Langer Corey J
Fox Chase Cancer Center, Philadelphia, PA 19111, USA.
Clin Lung Cancer. 2003 Jan;4 Suppl 2:S45-9. doi: 10.3816/clc.2003.s.003.
The median survival for patients with locally advanced non-small-cell lung cancer (NSCLC) remains 18 months, at best, in cooperative group efforts. Integrating new agents into the standard combined modality treatment paradigm is a daunting challenge. Gemcitabine has activity in advanced NSCLC and is a potent radiosensitizer, but preclinical trials did not delineate an optimal dose or schedule, and early attempts to graft full-dose gemcitabine (1000 mg/m2/week) onto standard radical thoracic radiation therapy (RT) were marked by significant grade 4 and 5 toxicity. More recent trials, however, have shown that attenuated doses of 150-300 mg/m2/week during radiation (XRT) are safer and potentially efficacious. Higher doses produce dose-limiting esophageal and pulmonary toxicities. Using a twice-weekly schedule, the maximum tolerated dose is 35 mg/m2. The use of 3 dimensional conformal RT may enable significant dose escalations while substantially reducing esophageal exposure and minimizing toxicity. The cooperative oncology groups are just beginning to evaluate gemcitabine in this setting. Cancer and Leukemia Group B, in a randomized phase II study, assessed combination gemcitabine and cisplatin in both the induction and radiosensitizing setting. During the induction phase, gemcitabine was given 1250 mg/m2 on days 1 and 8 every 3 weeks for 2 cycles in combination with cisplatin 80 mg/m2 every 3 weeks, and then reduced to 600 mg/m2 days 1 and 8 every 3 weeks during XRT. The overall response rate was 63% with median survival of 18.3 months and 1-year and 3-year survival rates of 68% and 28%, respectively.
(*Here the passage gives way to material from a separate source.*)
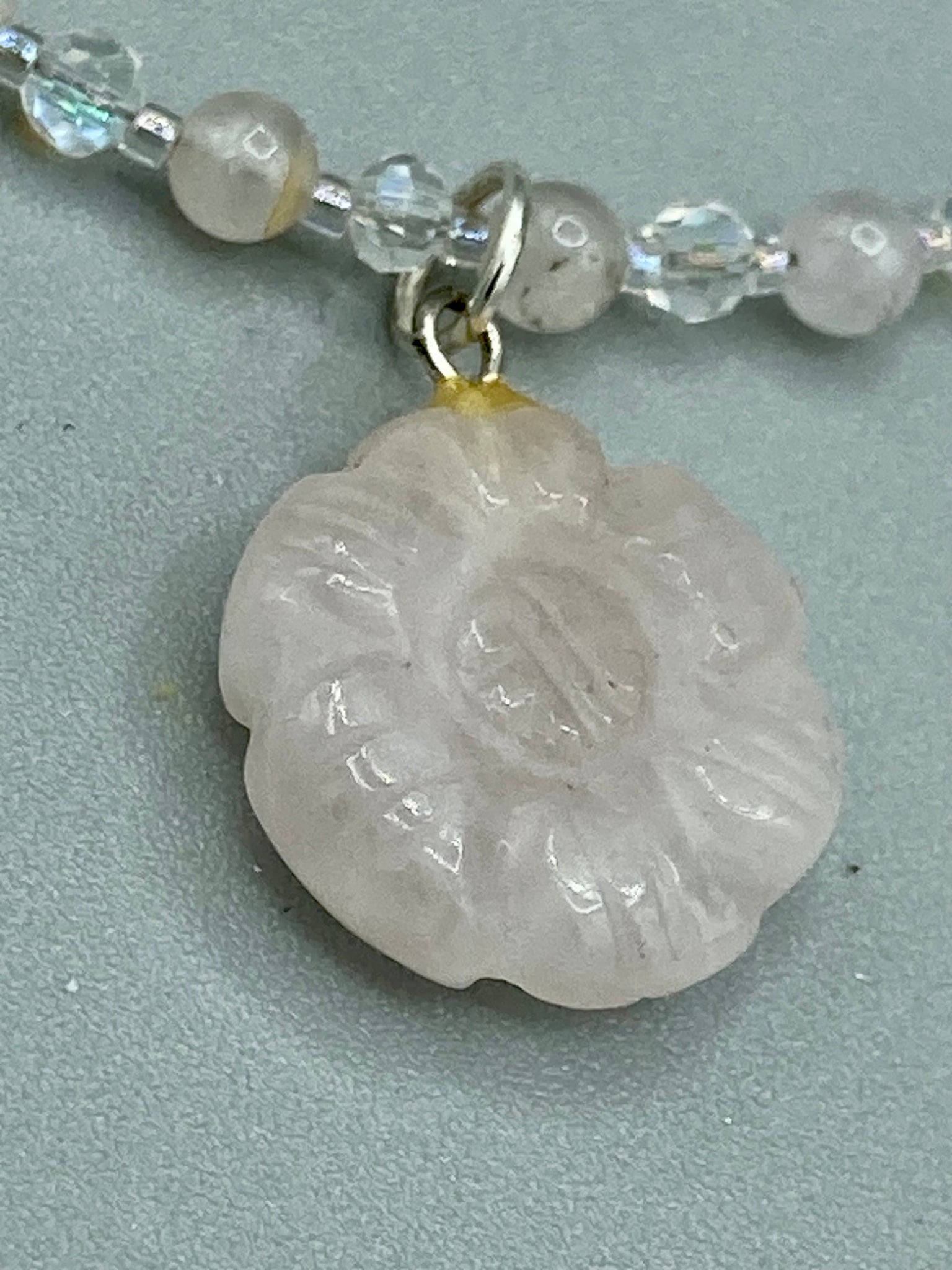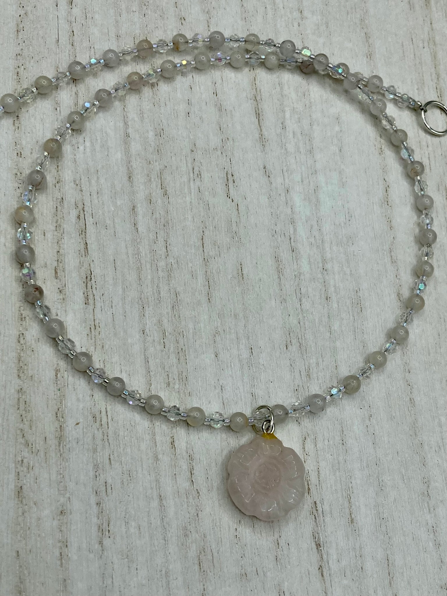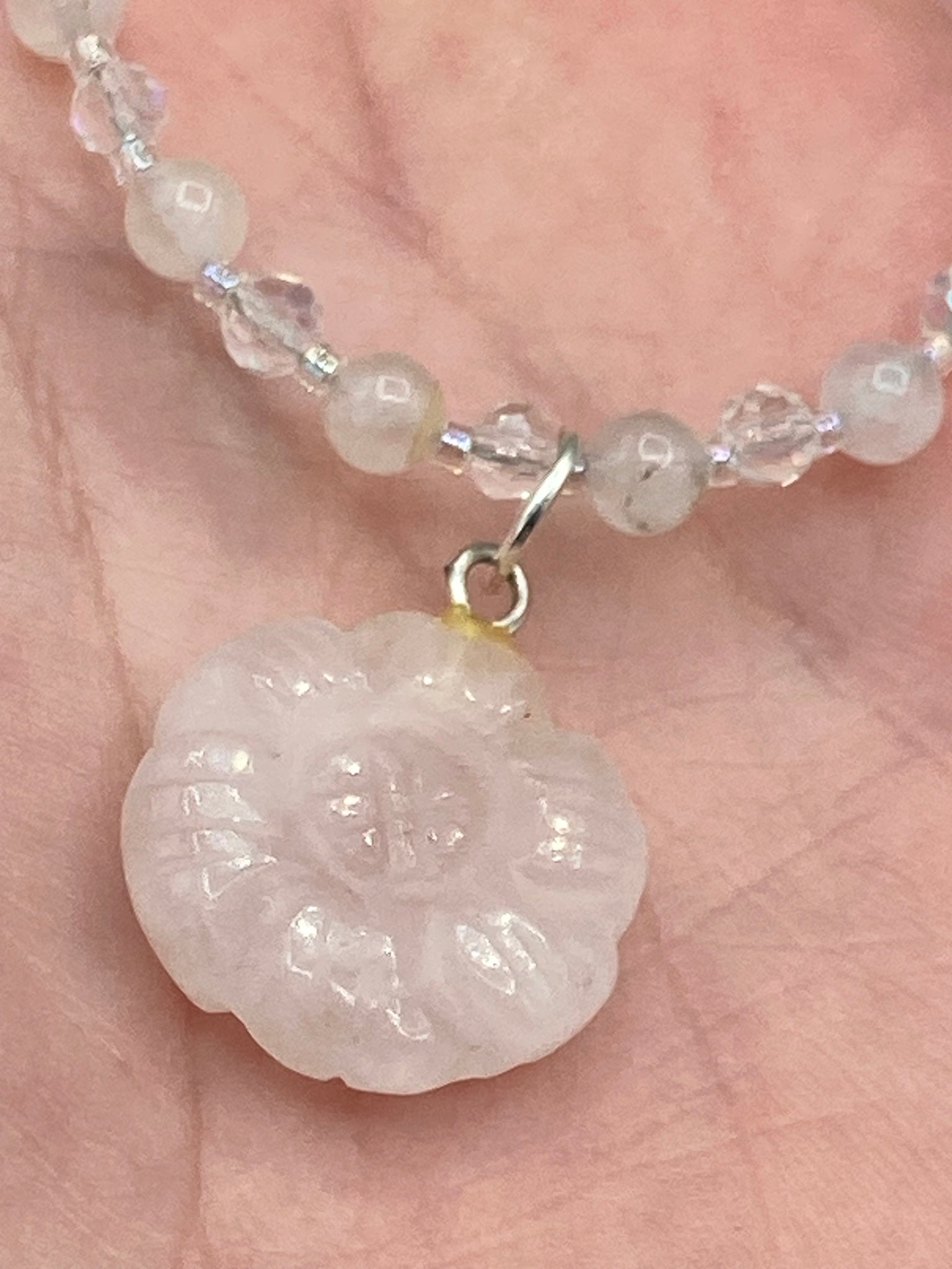 This elegant necklace is adorned with a beautiful rose quartz pendant featuring an intricate floral cutout, complemented by small round rose quartz beads with an iridescent glass finish.
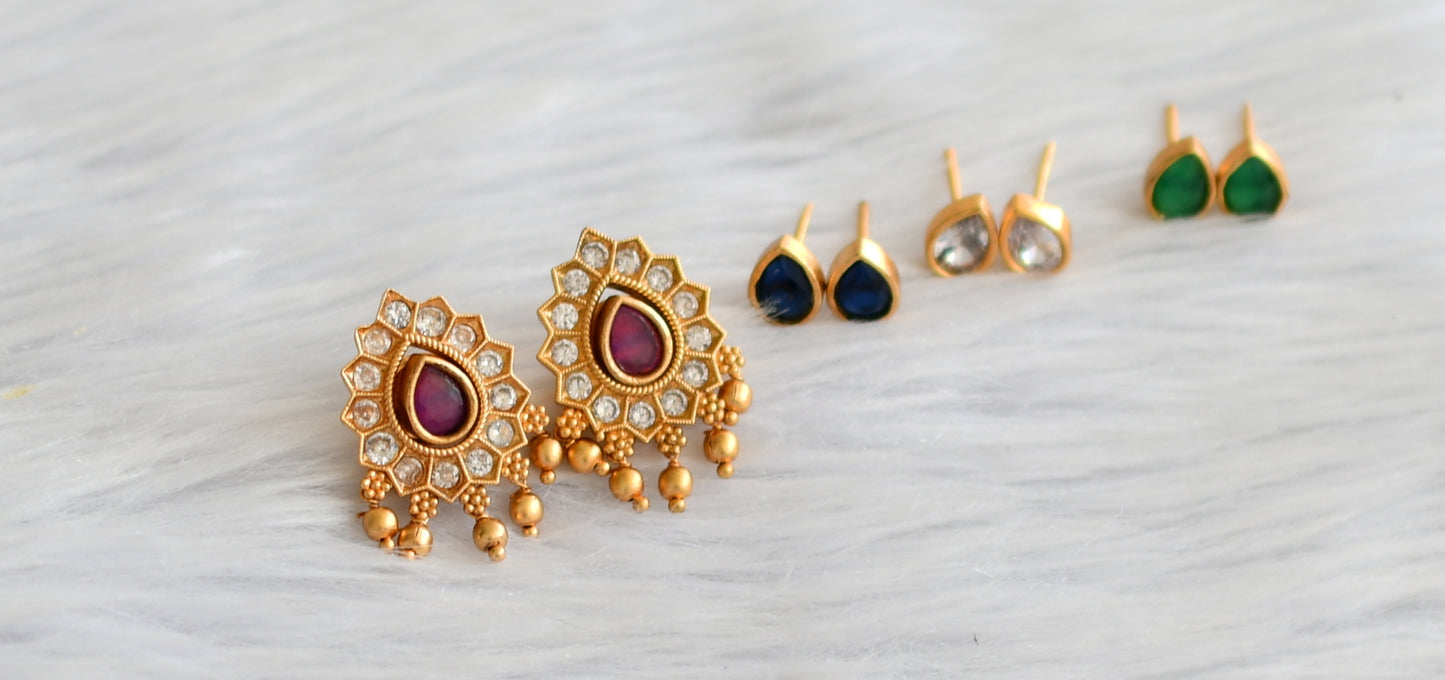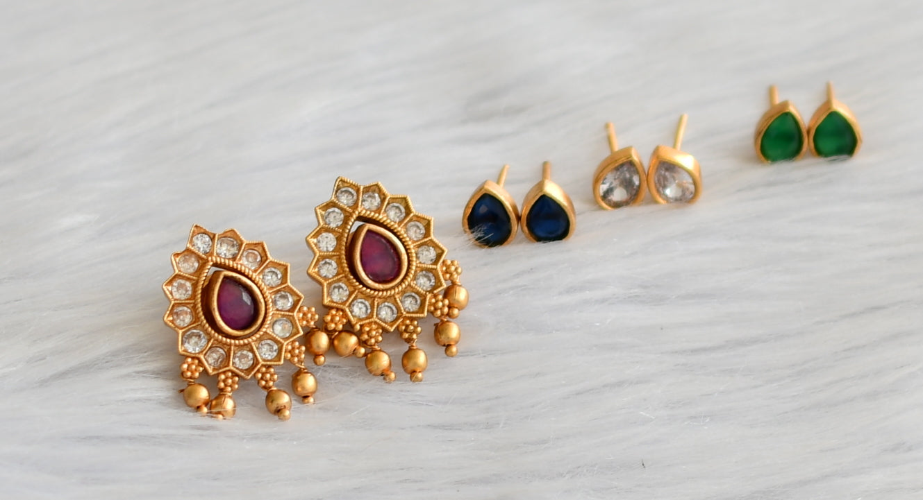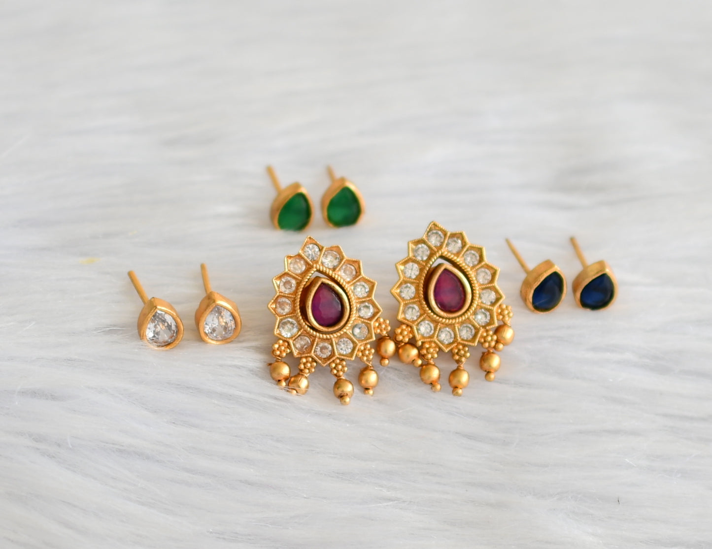 Matte finish cz ruby-green-blue-white changeable earrings dj-43484

Radiation Therapy Oncology Group is currently spearheading a phase I study of concurrent radiation and weekly gemcitabine in combination with either weekly carboplatin or paclitaxel. Ongoing efforts will also evaluate the role of gemcitabine either alone or in combination with docetaxel in the consolidation setting after definitive chemoradiation has been completed. Whether gemcitabine in combination with radiation, with or without other agents, will ultimately prove superior to standard chemoradiation regimens remains to be determined.
在协作组的研究中,局部晚期非小细胞肺癌(NSCLC)患者的中位生存期最多仍为18个月。将新药物纳入标准的综合治疗模式是一项艰巨的挑战。吉西他滨对晚期NSCLC有活性,且是一种有效的放射增敏剂,但临床前试验并未确定最佳剂量或给药方案,早期将全剂量吉西他滨(1000mg/m²/周)与标准根治性胸部放疗(RT)联合应用的尝试出现了显著的4级和5级毒性反应。然而,最近的试验表明,放疗(XRT)期间每周150 - 300mg/m²的减毒剂量更安全且可能有效。更高剂量会产生剂量限制性的食管和肺部毒性。采用每周两次的给药方案,最大耐受剂量为35mg/m²。使用三维适形放疗可在显著减少食管受照剂量并将毒性降至最低的同时实现剂量大幅增加。肿瘤协作组才刚刚开始在这种情况下评估吉西他滨。癌症与白血病B组(Cancer and Leukemia Group B)在一项随机II期研究中,评估了吉西他滨联合顺铂在诱导治疗和放射增敏治疗中的应用。在诱导期,吉西他滨每3周的第1天和第8天给予1250mg/m²,共2个周期,联合每3周80mg/m²的顺铂,然后在XRT期间减至每3周第1天和第8天600mg/m²。总体缓解率为63%,中位生存期为18.3个月,1年和3年生存率分别为68%和28%。放射肿瘤学组(Radiation Therapy Oncology Group)目前正在牵头开展一项I期研究,评估同步放疗联合每周一次的吉西他滨,再联合每周一次的卡铂或紫杉醇。正在进行的研究还将评估吉西他滨单独或与多西他赛联合在确定性放化疗完成后的巩固治疗中的作用。吉西他滨联合放疗,无论是否联合其他药物,最终是否优于标准放化疗方案仍有待确定。